- Available data:
___

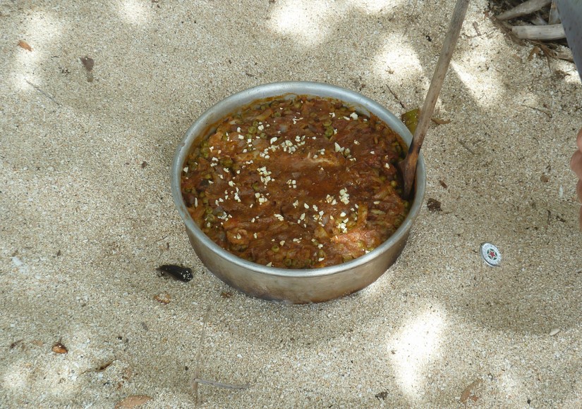 3 hommes grands et costauds en tenue traditionnelle , sont arrivés à bord de la petite annexe de Bernie . Je n'ai pas osé prendre des photos ... dommage c'était amusant ça débordait beaucoup !
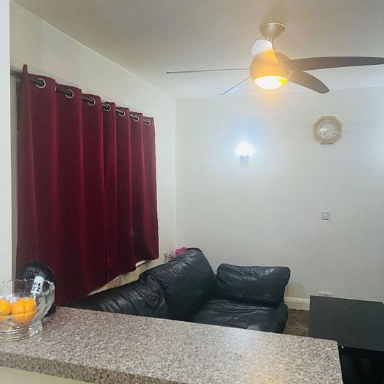 One bedroom flat. Open plan living room with dinning and kitchen. Separate wc and bathroom with bath tube. Emergency exit .Fully furnished. Long term.Huge garden and parking space. Available 8th of March 2026. Private.
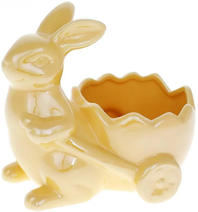 Декоративное кашпо "Кролик с тележкой". Материал - керамика. Размер: 16.5х13х15см. Цвет - жёлтый перламутр. Мини-кашпо для выращивания маленьких комнатных растений или популярной микро-травы. Зелень можно подрезать, придавая самые разнообразные формы. Можно использовать как мини-вазочку или подсвечник. Безграничные возможности для Вашей фантазии.
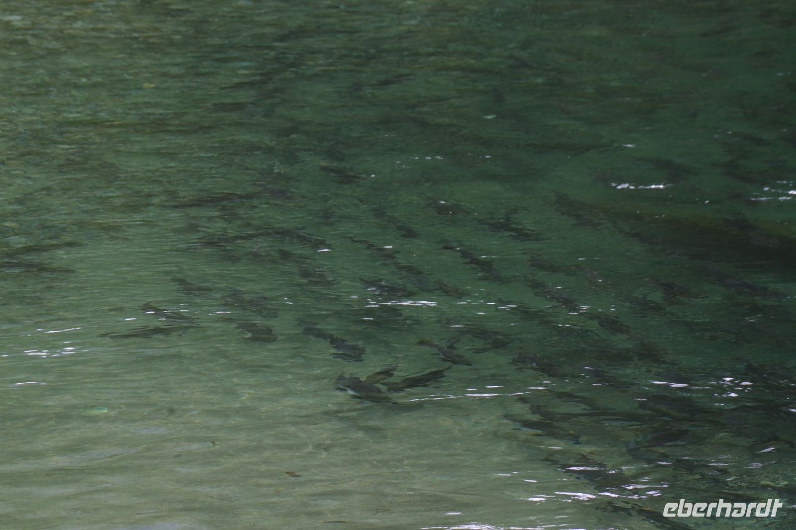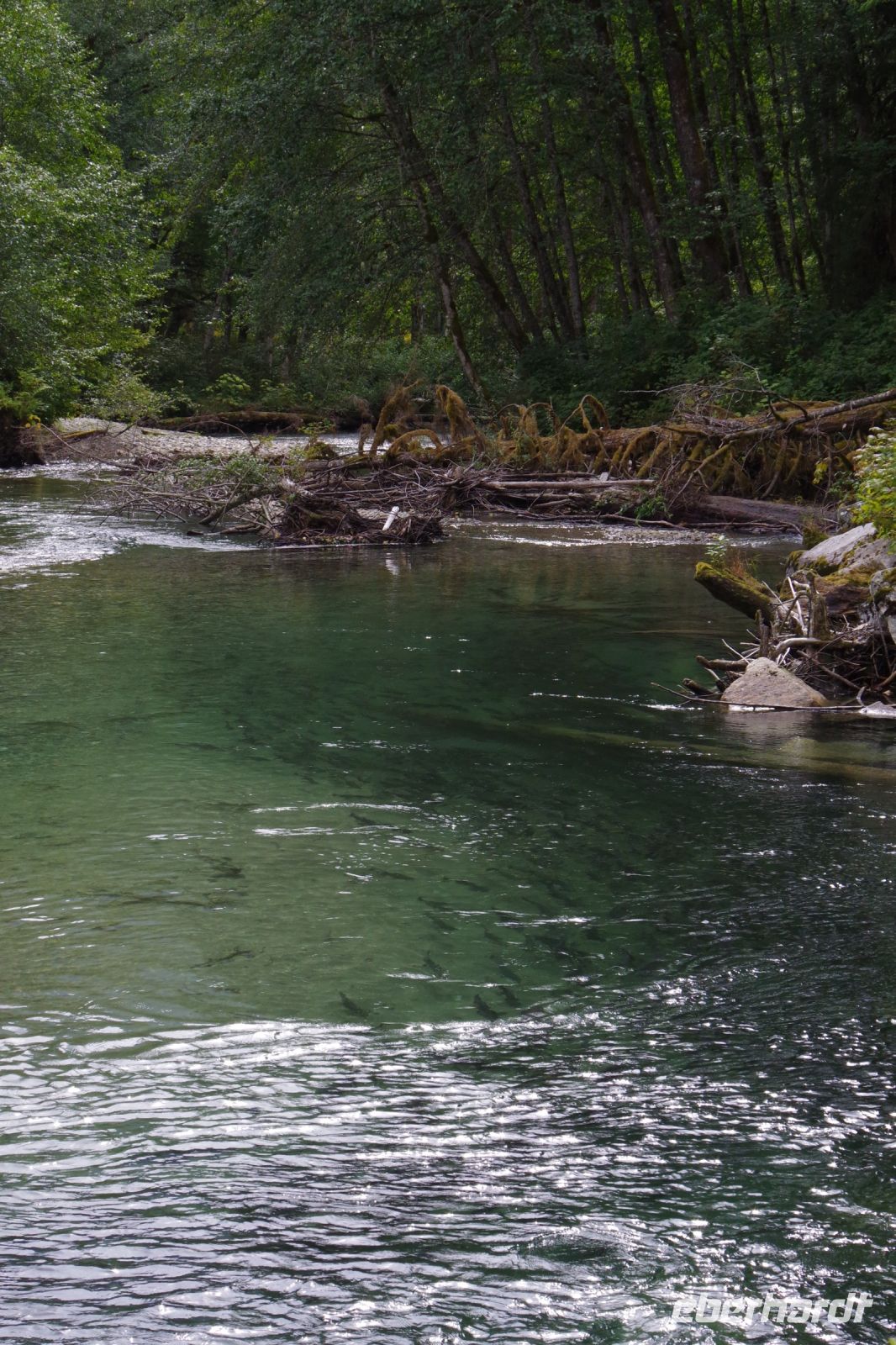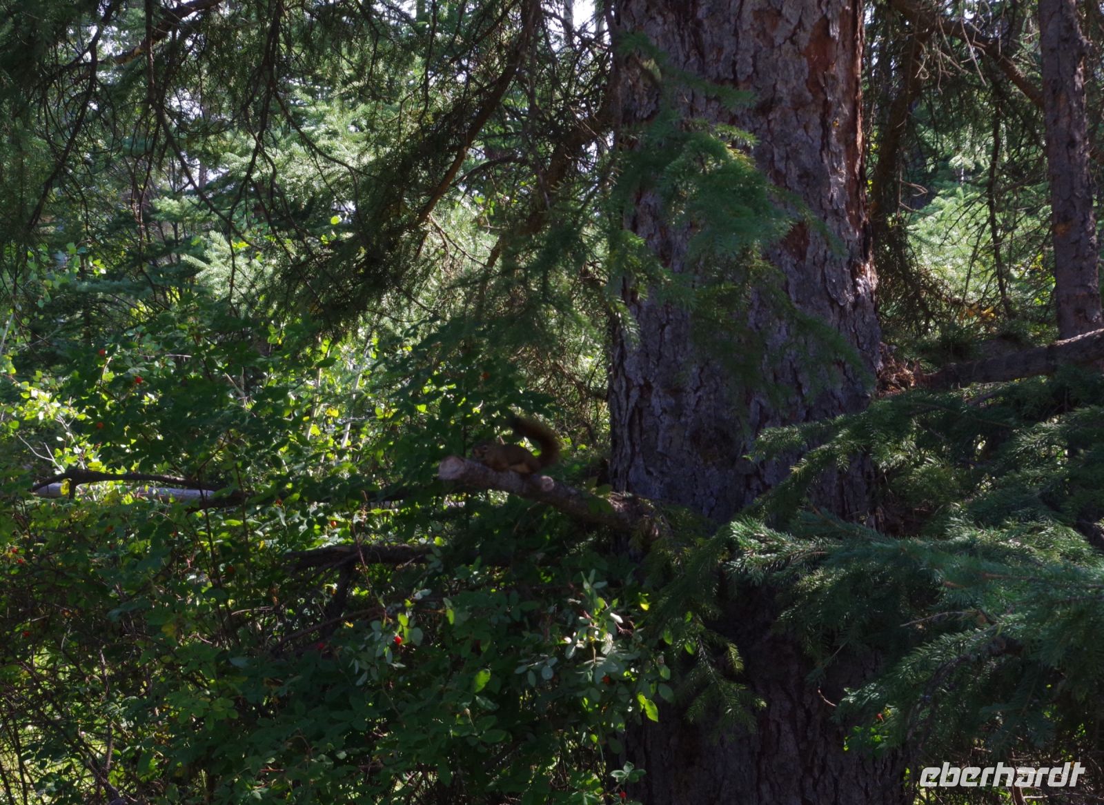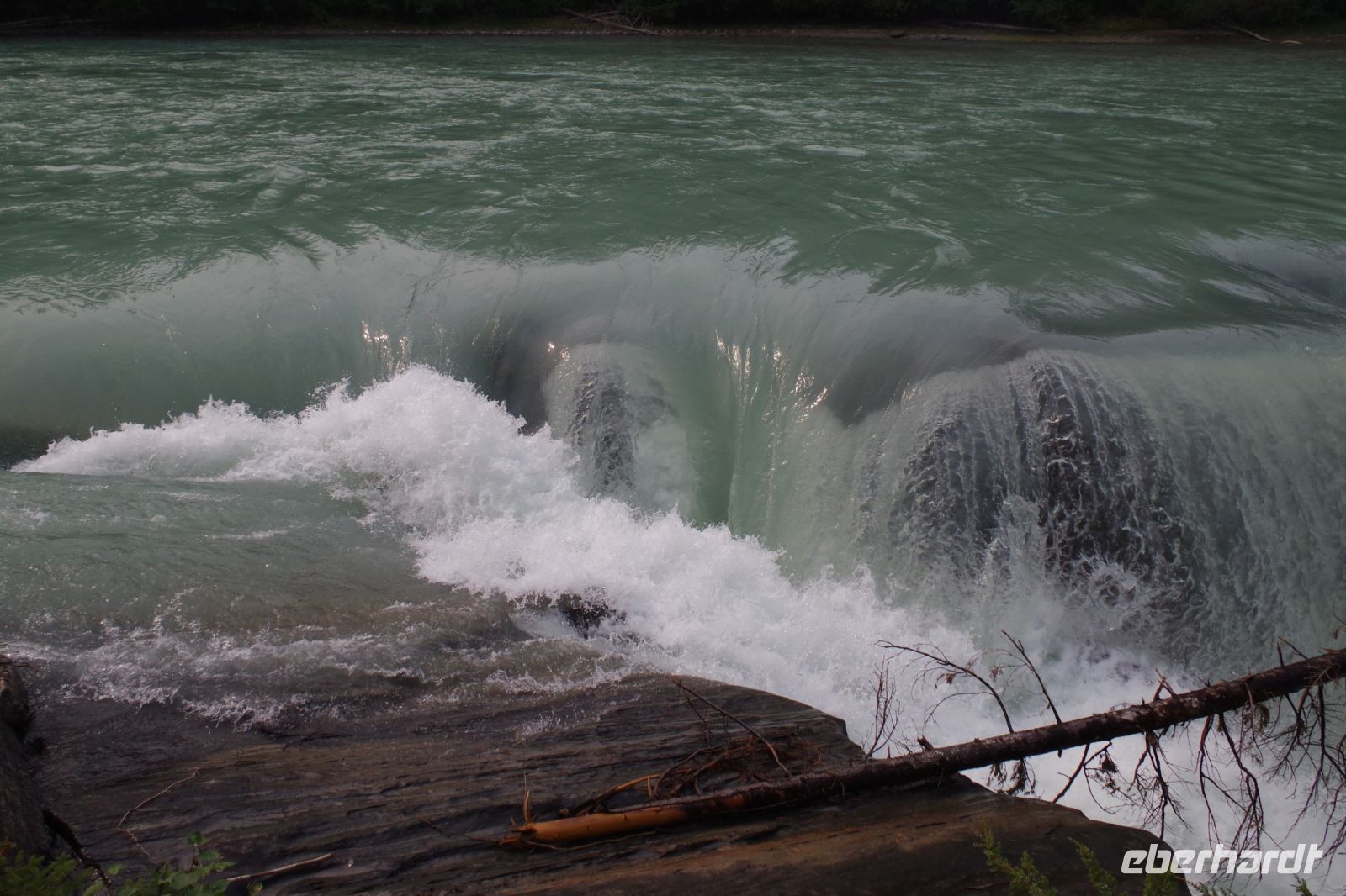 Jetzt sind wir erstmal eine Weile unterwegs und werden wie gewohnt mit einem Stück Schoki von Nadja verwöhnt. Das nächste beeindruckende Stück Natur, was wir uns anschauen, ist der gigantische Mount Robson, welcher der höchste Berg der Rocky Mountains ist. Seine schneebedeckte Spitze ragt in eine stolze Höhe von 3954m in den Himmel. Kaum steigen wir aus dem Reisebus aus, bemerken wir hier zum ersten Mal Anzeichen der noch immer andauernden, katastrophalen Waldbrände. Die Luft riecht nach Rauch, die Augen brennen bei einigen leicht und die Spitze des imposanten Mount Robsons ist bei eigentlich klarem Himmel, in einer diesigen Rauchwolke versteckt. Ab heute startet auch das umgestellte Reiseprogramm, denn wir bewegen uns so langsam in Nähe in Richtung Waldbrandgebiete, die natürlich immer noch hunderte von Kilometern entfernt sind und von uns sicherheitsgemäß, mit großem Bogen umfahren werden. So langsam verlassen wir die Rocky Mountains und fahren über die Grenze nach British Columbia, wo wir unsere Uhren noch einmal um eine weitere Stunde nach hinten drehen müssen. Nach einer weiteren langen Fahrt, bei der wir unterwegs noch einen Stopp an den Reargard Wasserfällen machen, mit großer Hoffnung auf wilde Lachse zu treffen, erreichen wir dann endlich den Wells Gray Provincial Park. Natürlich ohne Lachse gesehen zu haben, wie soll es auch anders sein. Hier unternehmen wir einen Spaziergang zu den Spahat Falls, der in zwei Stufen etwa 75 Meter durch eine enge Schlucht in die Tiefe stürzt. In den nächsten 30 Minuten erreichen wir dann auch unser Tagesziel Clearwater, wo wir die kommende Nacht verbringen.

___

- Exercise:
Go from the first line of the listing to the line holding "One bedroom flat." and, please, transcribe those lines exactly, both included, with no pictures.

- Task result:
 3 hommes grands et costauds en tenue traditionnelle , sont arrivés à bord de la petite annexe de Bernie . Je n'ai pas osé prendre des photos ... dommage c'était amusant ça débordait beaucoup !
 One bedroom flat. Open plan living room with dinning and kitchen. Separate wc and bathroom with bath tube. Emergency exit .Fully furnished. Long term.Huge garden and parking space. Available 8th of March 2026. Private.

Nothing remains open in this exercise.